14. The method according to any one of claims 6 to 13, characterized in that the auxiliary molecule is selected from the group comprising polymerases, catalysts, proteins, nucleic acids, natural products, enzymes, enzyme systems, cell lysates, cell components, from cell Ingredients derived derivatives and / or synthetic

Molecules.

15. The method according to any one of claims 6 to 14, characterized in that by direct or indirect interaction between immobilized or non-immobilized detection molecule and at least one mediator, a measurable change in

Fluorescence, phosphorescence, luminescence, mass, absorption, scattering of light, electrical conductivity, enzymatic activity and / or affinity, electrochemical potential or signal, refractive index, excitation of surface plasmons, magnetic relaxation, magnetic property, impedance or capacitance.

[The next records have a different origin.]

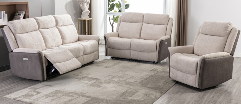The treyson electric recliners are the ultimate in laid back luxury. Available in a three seater, two seater and armchair with full electric control at the touch of a button, with two distinctive colour choices, grey fusion and beige fusion. A USB charger is also included on the control panel as an extra feature for your convenience.
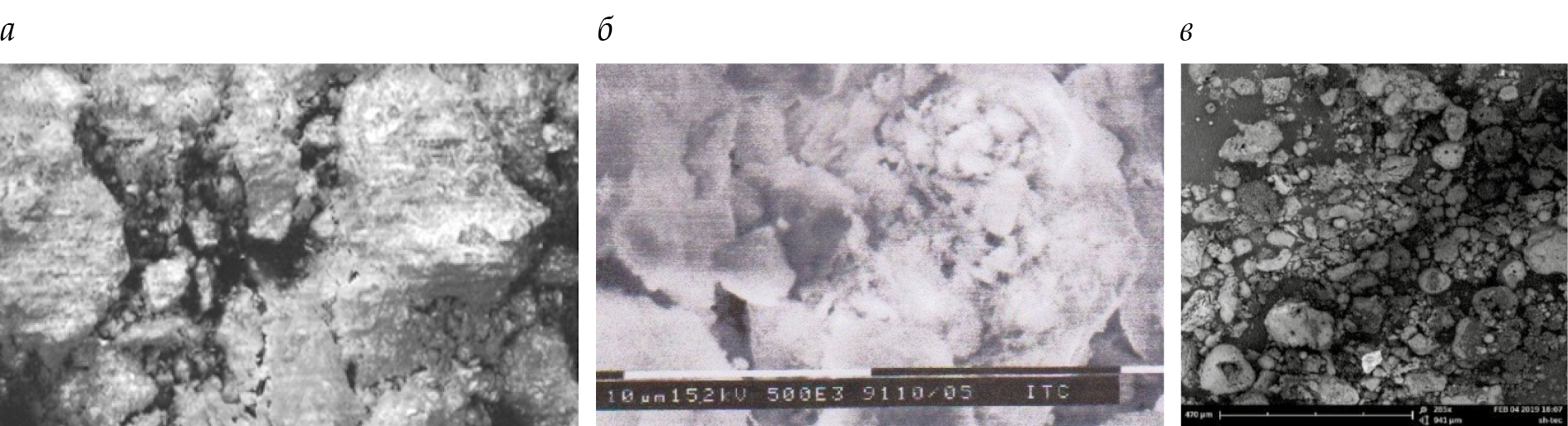 Рис. 3. Микроструктура сырьевых компонентов: а – бентонитовая глина; б – фосфорный шлак; в ‒ золошлаковая смесь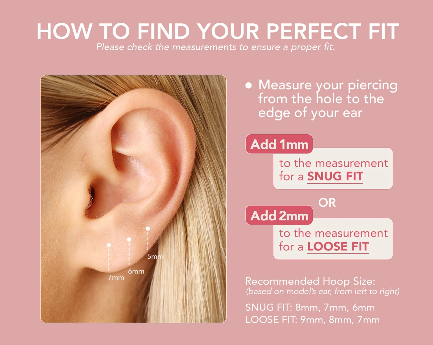 7 mm – If you have a smaller ear lobe, these 7 mm hoops can be worn on the first piercing of the earlobe. They can also be worn on your second piercing!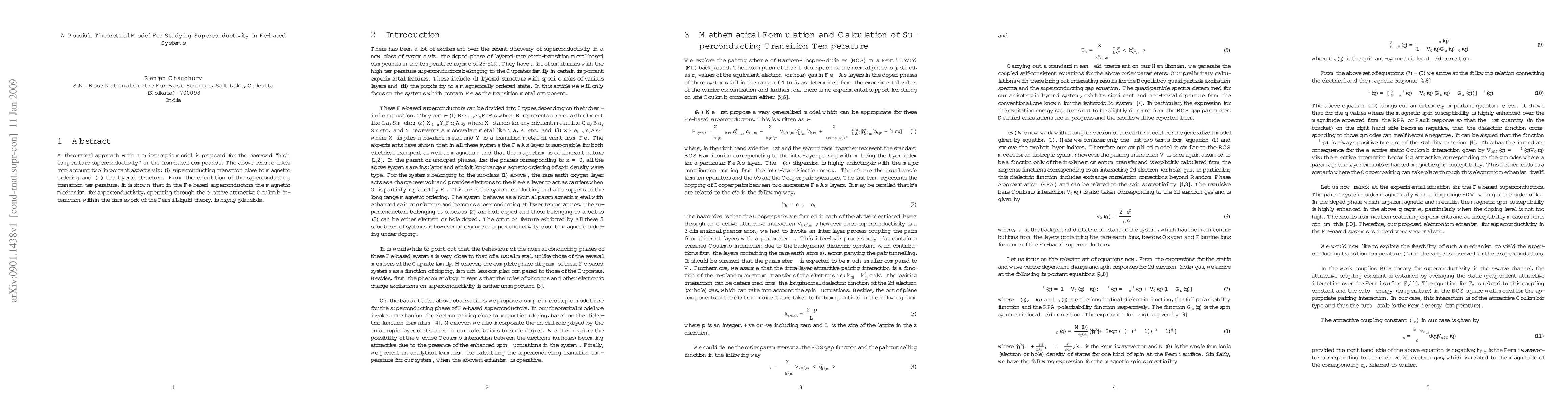A theoretical approach with a microscopic model is proposed for the observed "high temperature superconductivity" in the Iron-based compounds. The above scheme takes into account two important aspects viz. (i) superconducting transition close to magnetic ordering and (ii) the layered structure. From the calculation of the superconducting transition temperature, it is shown that in the Fe-based superconductors the magnetic mechanism for superconductivity, operating through the effective attractive Coulomb interaction within the framework of the Fermi Liquid theory, is highly plausible.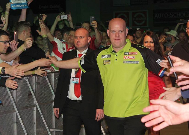 Die derzeitige Nummer 1 der Darts-Welt, Michael van Gerwen gewinnt am Freitagabend die Darts-Gala in Jena. 3.201 Euro an die Aktion „Wünschewagen“ des ASB überreicht. Fotos: Steffen Langbein

16. The method according to any one of claims 6 to 15, characterized in that the

Release of the at least one mediator is detected by an amplification of the at least one mediator by means of an isothermal or non-isothermal amplification method.

17. The method according to any one of claims 6 to 16, characterized in that the at least one liberated mediator is detected by sequencing.

18. The method according to any one of claims 6 to 17, characterized in that the at least one released mediator binds by hybridization to the detection molecule, is optionally extended by binding to the detection molecule by an auxiliary molecule, and then a melting curve analysis is performed.